Green Screen Pavilion

Having successfully finished at the warehouse, the filming crew moved to the pavilion, where they shot the main “acting” parts of all four commercials, as well as static shots of all the carts with all their wheels, bolts, locks, board coatings, and holes for threading straps and ropes. This rather monotonous but extremely meticulous process was enlivened by a very beautiful actress invited to play the roles of a housewife and an office lady. Her divine hip swings walking from one end of the pavilion to the other extended the filming process somewhat, as the cameraman was never quite sure the shot had worked perfectly and kept asking for “one more take.” And he had yet to film the actress threading a strap through a cart’s hole...

From Dawn to Dusk

The shift lasted from dawn to dusk at the warehouse and in the studio pavilion.
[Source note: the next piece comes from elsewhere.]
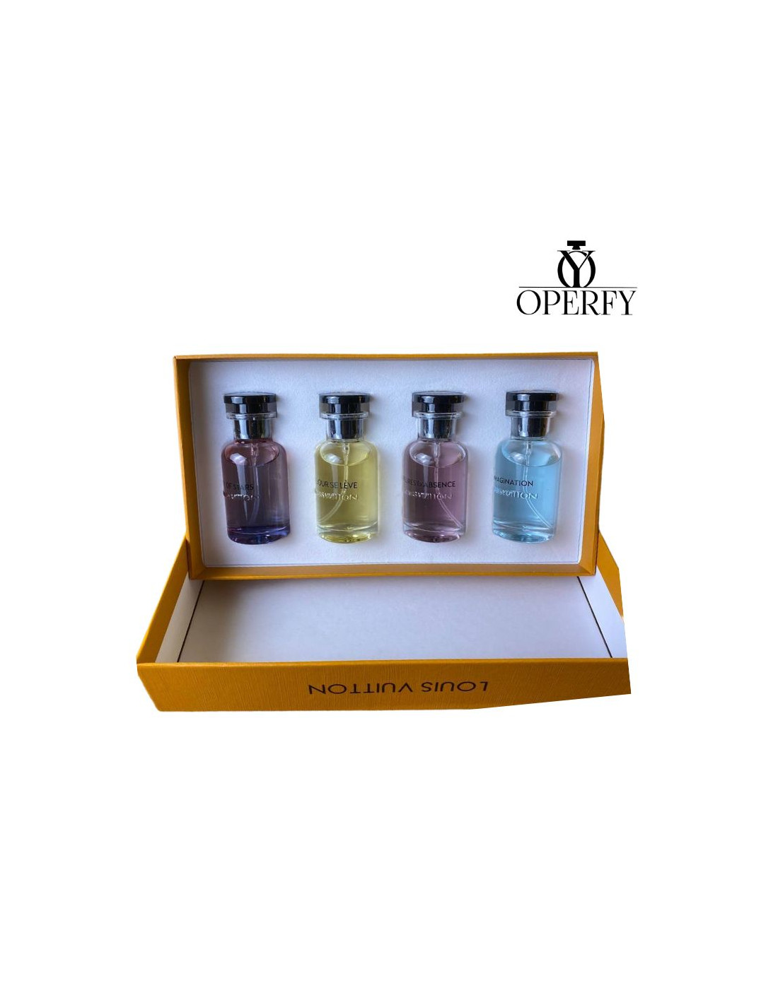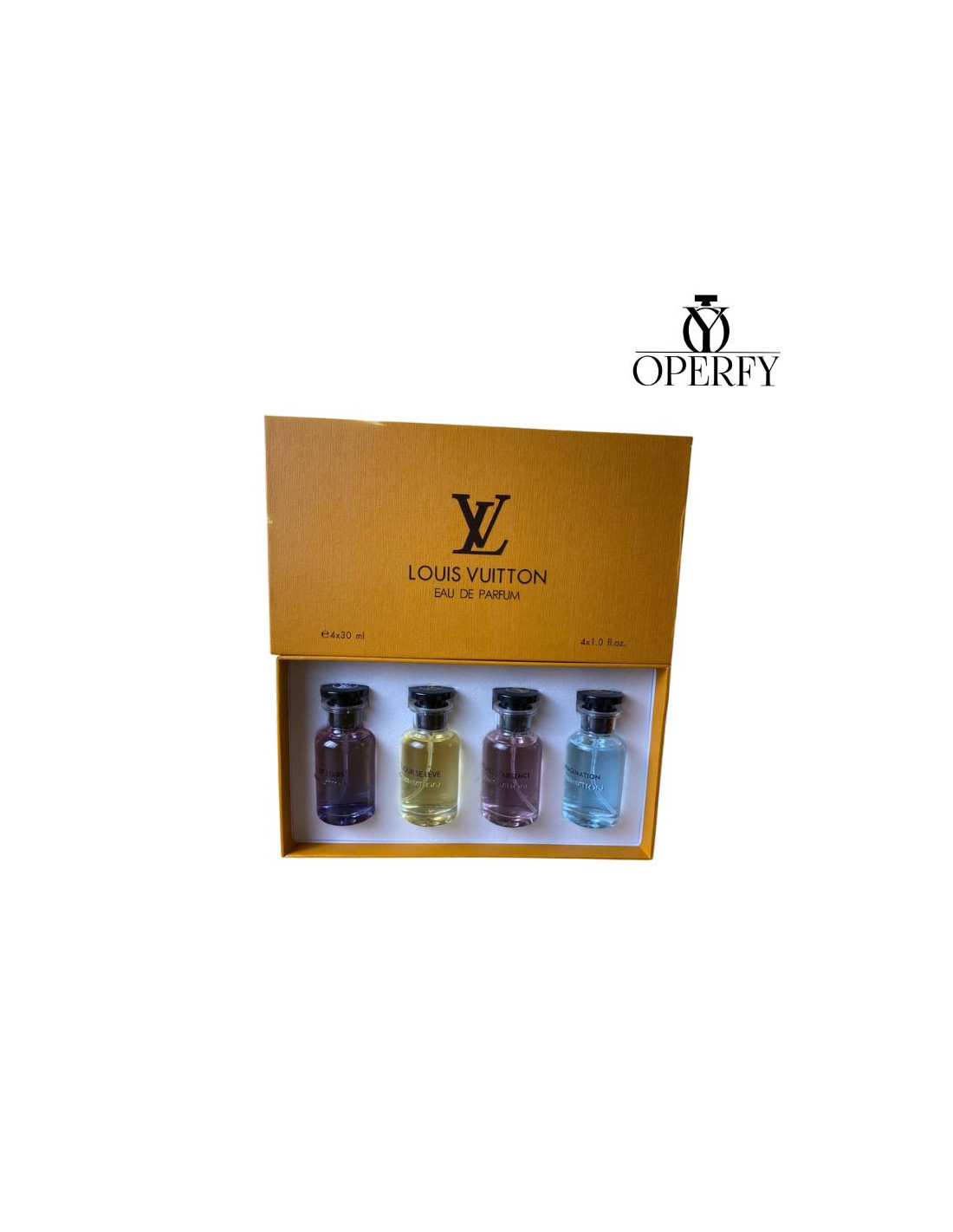 Set de perfumes Louis Vuitton que incluye 4 fragancias en presentación mini, ideales para descubrir diferentes estilos de la maison. El estuche reúne aromas frescos, florales, cítricos y elegantes, perfectos para variar según la ocasión. Su formato es ideal para viajes, colección o como regalo premium.
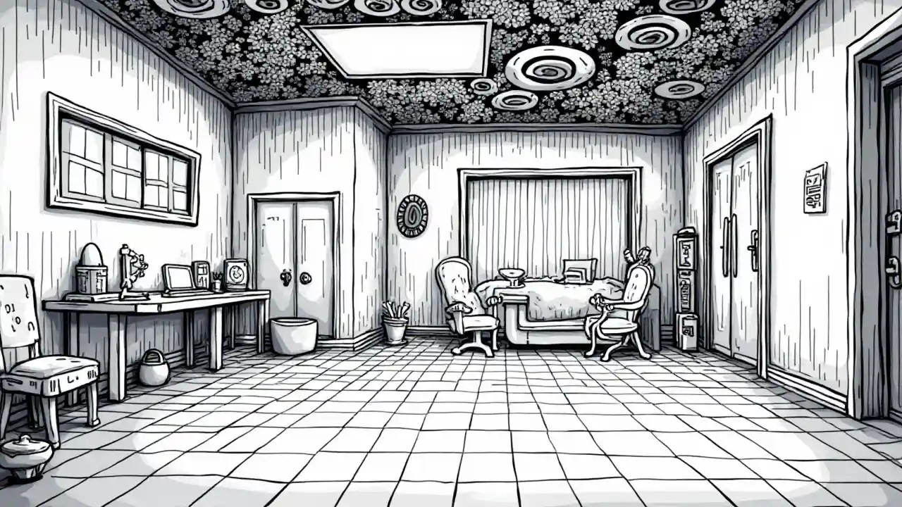 2D room, two dimensional, black and white design, comic style, trippy art, 2d interior design, very detailed, best resolution, excellent quality.

We did almost everything with the carts: pushed and pulled them, sat and lay on them, hung them up, carried them, wet them, dirtied and wiped them, rolled them on a forklift, sprayed them, built pyramids, stroked them... And filmed, filmed, filmed. Heat, warehouse dust, studio lights, A LOT of cargo, A VERY beautiful woman, and finally — a VERY long watering with a hose on the lawn near the pavilion. The carts passed all our tests — you’ve got to take them!